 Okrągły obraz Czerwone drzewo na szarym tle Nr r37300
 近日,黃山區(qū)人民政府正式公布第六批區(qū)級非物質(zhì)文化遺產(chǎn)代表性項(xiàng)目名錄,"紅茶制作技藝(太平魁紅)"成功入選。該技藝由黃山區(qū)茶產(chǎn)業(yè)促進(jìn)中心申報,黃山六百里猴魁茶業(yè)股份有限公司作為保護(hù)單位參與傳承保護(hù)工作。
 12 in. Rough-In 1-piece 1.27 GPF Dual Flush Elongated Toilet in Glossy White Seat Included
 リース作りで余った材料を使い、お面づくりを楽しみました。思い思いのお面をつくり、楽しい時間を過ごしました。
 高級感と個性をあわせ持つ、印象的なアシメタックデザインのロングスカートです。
...
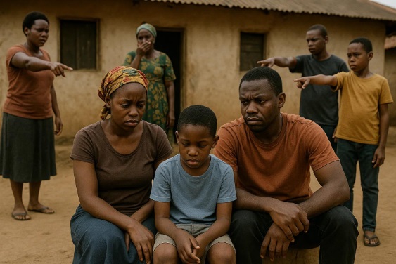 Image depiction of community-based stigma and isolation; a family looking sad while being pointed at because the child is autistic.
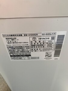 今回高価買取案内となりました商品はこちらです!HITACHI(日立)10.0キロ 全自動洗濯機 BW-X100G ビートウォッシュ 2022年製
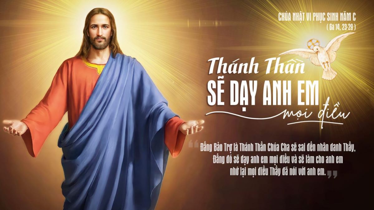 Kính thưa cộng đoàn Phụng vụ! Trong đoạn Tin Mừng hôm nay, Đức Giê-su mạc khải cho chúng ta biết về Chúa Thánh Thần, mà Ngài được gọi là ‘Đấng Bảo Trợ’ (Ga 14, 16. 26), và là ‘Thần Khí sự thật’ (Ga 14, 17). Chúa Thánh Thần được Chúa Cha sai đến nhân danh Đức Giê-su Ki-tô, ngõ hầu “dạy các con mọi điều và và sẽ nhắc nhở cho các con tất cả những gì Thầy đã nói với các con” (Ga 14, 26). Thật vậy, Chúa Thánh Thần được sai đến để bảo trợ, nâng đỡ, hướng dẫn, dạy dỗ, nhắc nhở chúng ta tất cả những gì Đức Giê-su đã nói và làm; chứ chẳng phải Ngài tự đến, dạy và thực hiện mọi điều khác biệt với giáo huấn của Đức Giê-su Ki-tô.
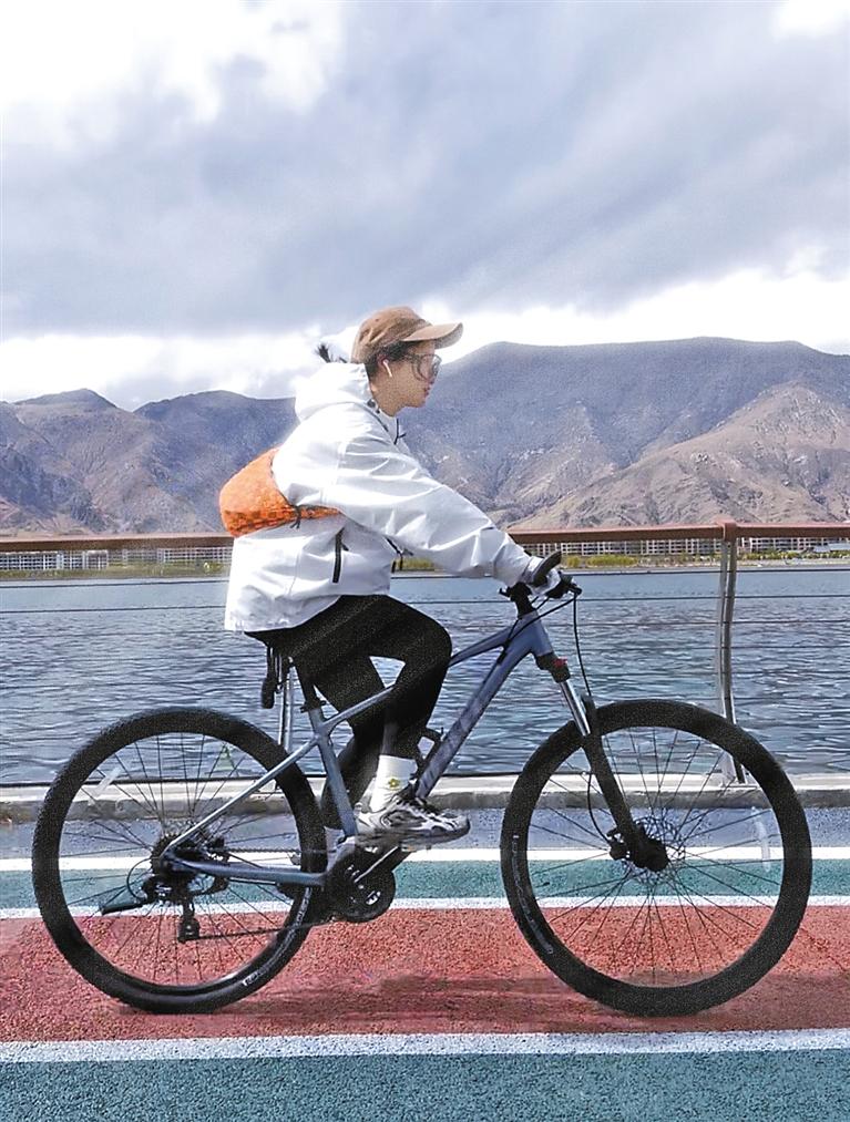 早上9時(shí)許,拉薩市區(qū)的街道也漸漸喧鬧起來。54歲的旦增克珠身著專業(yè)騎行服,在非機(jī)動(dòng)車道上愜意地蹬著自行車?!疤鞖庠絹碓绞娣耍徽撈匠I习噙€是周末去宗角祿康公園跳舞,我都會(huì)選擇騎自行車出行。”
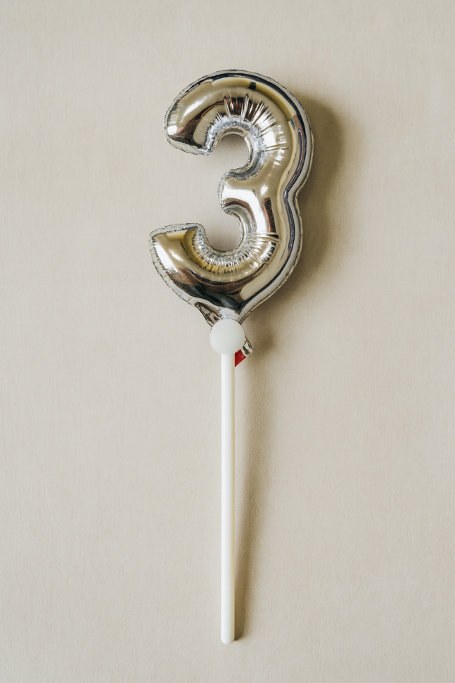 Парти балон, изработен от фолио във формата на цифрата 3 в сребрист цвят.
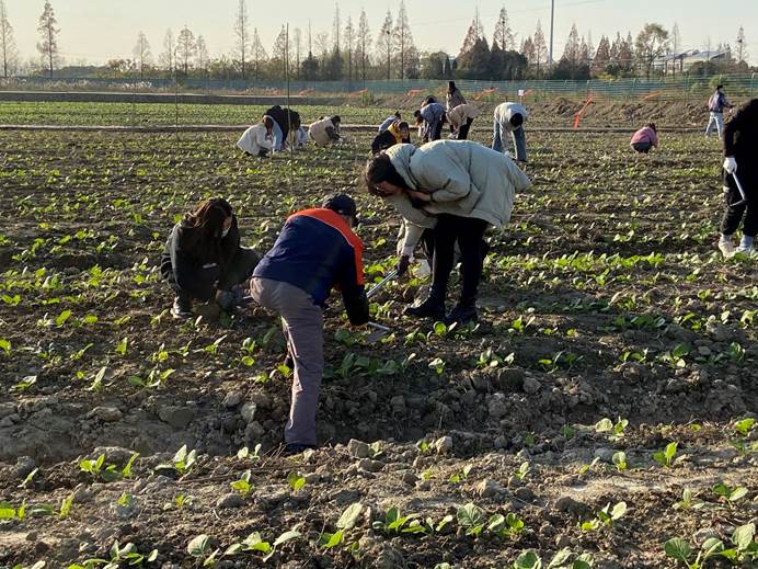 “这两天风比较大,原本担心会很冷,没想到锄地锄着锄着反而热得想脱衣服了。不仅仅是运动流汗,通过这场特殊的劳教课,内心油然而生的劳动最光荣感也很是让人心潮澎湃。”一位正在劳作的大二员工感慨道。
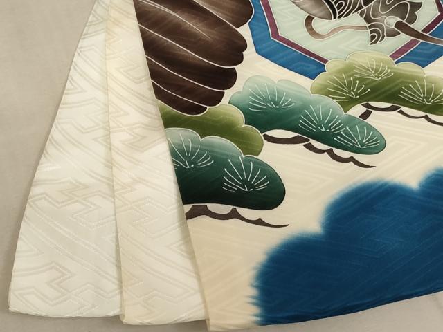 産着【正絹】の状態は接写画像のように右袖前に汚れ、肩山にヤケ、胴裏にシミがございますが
--
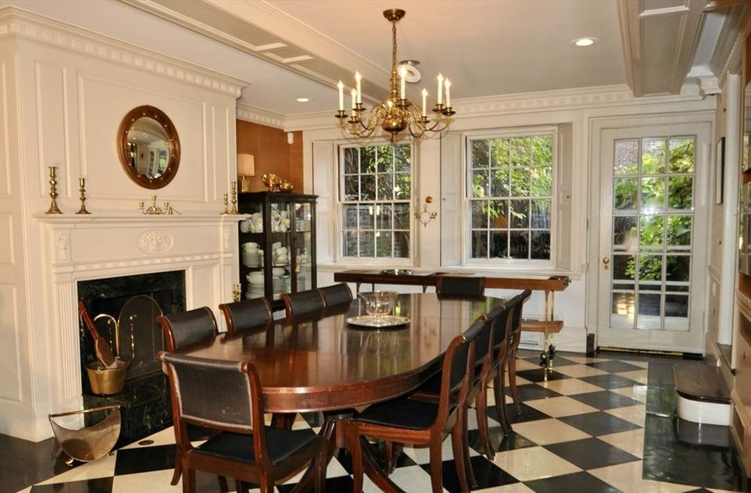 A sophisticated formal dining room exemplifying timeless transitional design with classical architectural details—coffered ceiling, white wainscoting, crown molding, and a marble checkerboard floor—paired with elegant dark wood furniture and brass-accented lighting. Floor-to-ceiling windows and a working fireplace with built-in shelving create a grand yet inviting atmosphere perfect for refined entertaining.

◆ **Task to complete**:
Looking at the data above, return every line from the one with "リース作りで余った材料を使い" down to the one with "高級感と個性をあわせ持つ、印象的なアシメタックデザインのロングスカートです。", exactly and inclusively.

◆ **Finished task**:
 リース作りで余った材料を使い、お面づくりを楽しみました。思い思いのお面をつくり、楽しい時間を過ごしました。
 高級感と個性をあわせ持つ、印象的なアシメタックデザインのロングスカートです。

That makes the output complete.